EXERCISE MATERIAL:
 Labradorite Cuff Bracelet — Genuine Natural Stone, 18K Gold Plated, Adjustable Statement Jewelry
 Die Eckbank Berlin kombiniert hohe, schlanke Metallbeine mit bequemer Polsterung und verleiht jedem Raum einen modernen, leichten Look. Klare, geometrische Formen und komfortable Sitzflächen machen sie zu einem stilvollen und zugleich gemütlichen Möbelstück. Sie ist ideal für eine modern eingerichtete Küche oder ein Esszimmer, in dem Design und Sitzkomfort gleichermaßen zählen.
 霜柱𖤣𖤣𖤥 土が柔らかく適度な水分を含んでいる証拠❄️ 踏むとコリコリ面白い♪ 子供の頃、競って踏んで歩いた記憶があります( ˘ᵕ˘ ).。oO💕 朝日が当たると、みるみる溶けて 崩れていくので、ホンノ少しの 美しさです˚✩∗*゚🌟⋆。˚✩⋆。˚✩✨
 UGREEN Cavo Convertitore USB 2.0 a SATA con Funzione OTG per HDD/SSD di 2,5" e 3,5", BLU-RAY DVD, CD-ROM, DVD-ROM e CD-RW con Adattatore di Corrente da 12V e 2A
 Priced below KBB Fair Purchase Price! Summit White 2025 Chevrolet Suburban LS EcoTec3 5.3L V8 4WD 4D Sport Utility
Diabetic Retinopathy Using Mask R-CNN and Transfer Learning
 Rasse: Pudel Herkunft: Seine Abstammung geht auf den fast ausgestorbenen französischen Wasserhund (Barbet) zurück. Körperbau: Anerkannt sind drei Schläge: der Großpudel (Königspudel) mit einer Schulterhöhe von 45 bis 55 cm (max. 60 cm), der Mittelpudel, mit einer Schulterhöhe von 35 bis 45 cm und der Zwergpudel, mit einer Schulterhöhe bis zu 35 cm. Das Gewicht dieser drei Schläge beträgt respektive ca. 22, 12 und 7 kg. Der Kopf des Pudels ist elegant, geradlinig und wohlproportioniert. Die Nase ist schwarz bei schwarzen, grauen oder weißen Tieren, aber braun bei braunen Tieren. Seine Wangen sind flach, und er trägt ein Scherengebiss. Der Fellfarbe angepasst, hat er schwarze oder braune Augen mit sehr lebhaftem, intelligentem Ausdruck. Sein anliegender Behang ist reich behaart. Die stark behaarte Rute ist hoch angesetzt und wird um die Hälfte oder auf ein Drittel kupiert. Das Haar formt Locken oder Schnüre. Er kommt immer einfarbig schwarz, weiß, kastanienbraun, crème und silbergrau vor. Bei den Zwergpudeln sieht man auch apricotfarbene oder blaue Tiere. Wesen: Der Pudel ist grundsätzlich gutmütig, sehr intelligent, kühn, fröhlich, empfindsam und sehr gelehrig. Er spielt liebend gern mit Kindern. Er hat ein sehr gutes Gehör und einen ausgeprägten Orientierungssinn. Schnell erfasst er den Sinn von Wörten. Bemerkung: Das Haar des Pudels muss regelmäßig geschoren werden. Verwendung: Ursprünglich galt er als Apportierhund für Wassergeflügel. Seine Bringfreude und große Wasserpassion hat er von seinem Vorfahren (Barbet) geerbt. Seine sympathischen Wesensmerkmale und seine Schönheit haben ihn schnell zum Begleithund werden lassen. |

* * *

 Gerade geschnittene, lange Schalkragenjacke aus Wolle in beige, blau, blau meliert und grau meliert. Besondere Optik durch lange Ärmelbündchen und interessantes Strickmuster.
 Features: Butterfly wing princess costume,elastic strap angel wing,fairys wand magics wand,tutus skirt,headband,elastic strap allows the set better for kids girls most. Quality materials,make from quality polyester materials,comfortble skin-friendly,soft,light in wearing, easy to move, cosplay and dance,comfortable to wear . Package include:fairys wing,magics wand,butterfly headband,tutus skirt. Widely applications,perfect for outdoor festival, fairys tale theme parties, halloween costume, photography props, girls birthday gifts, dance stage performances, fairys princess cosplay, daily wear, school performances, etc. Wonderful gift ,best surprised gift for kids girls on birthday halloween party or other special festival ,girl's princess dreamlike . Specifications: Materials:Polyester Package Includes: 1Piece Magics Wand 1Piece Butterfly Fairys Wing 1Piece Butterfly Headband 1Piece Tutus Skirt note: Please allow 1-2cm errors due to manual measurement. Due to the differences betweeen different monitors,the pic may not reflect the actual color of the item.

---

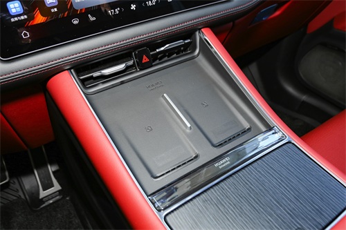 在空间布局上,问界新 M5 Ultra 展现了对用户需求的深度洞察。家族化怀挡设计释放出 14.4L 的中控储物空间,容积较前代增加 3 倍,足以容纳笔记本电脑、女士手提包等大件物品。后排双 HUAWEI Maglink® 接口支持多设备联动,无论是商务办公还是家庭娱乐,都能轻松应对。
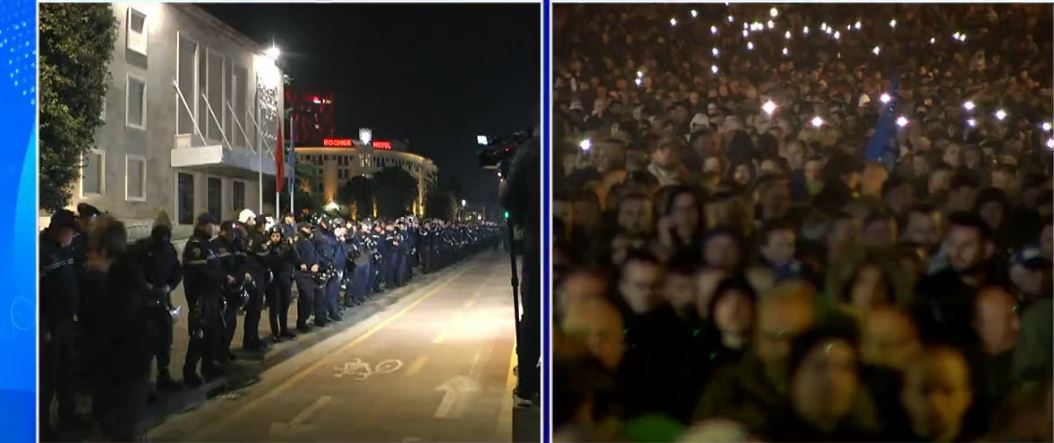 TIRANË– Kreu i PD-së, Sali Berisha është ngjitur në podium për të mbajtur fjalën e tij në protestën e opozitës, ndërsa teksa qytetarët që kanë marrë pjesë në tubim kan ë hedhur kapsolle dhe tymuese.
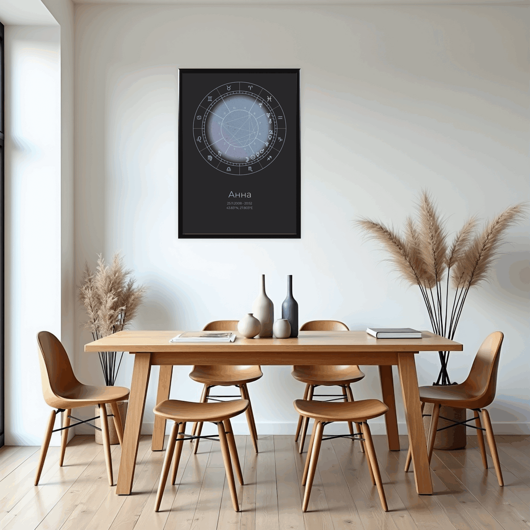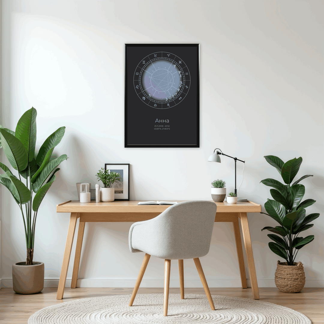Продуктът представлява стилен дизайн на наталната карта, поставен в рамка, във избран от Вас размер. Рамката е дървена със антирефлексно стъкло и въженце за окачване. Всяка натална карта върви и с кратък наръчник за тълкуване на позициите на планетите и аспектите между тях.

WHAT YOU HAVE TO DO: Copy the lines of the data above exactly as written, beginning with the line containing "霜柱𖤣𖤣𖤥 土が柔らかく適度な水分を含んでいる証拠❄️ 踏むとコリコリ面白い♪" and ending with the line containing "Priced below KBB", and leave out all other lines.

WRITTEN RESPONSE:
 霜柱𖤣𖤣𖤥 土が柔らかく適度な水分を含んでいる証拠❄️ 踏むとコリコリ面白い♪ 子供の頃、競って踏んで歩いた記憶があります( ˘ᵕ˘ ).。oO💕 朝日が当たると、みるみる溶けて 崩れていくので、ホンノ少しの 美しさです˚✩∗*゚🌟⋆。˚✩⋆。˚✩✨
 UGREEN Cavo Convertitore USB 2.0 a SATA con Funzione OTG per HDD/SSD di 2,5" e 3,5", BLU-RAY DVD, CD-ROM, DVD-ROM e CD-RW con Adattatore di Corrente da 12V e 2A
 Priced below KBB Fair Purchase Price! Summit White 2025 Chevrolet Suburban LS EcoTec3 5.3L V8 4WD 4D Sport Utility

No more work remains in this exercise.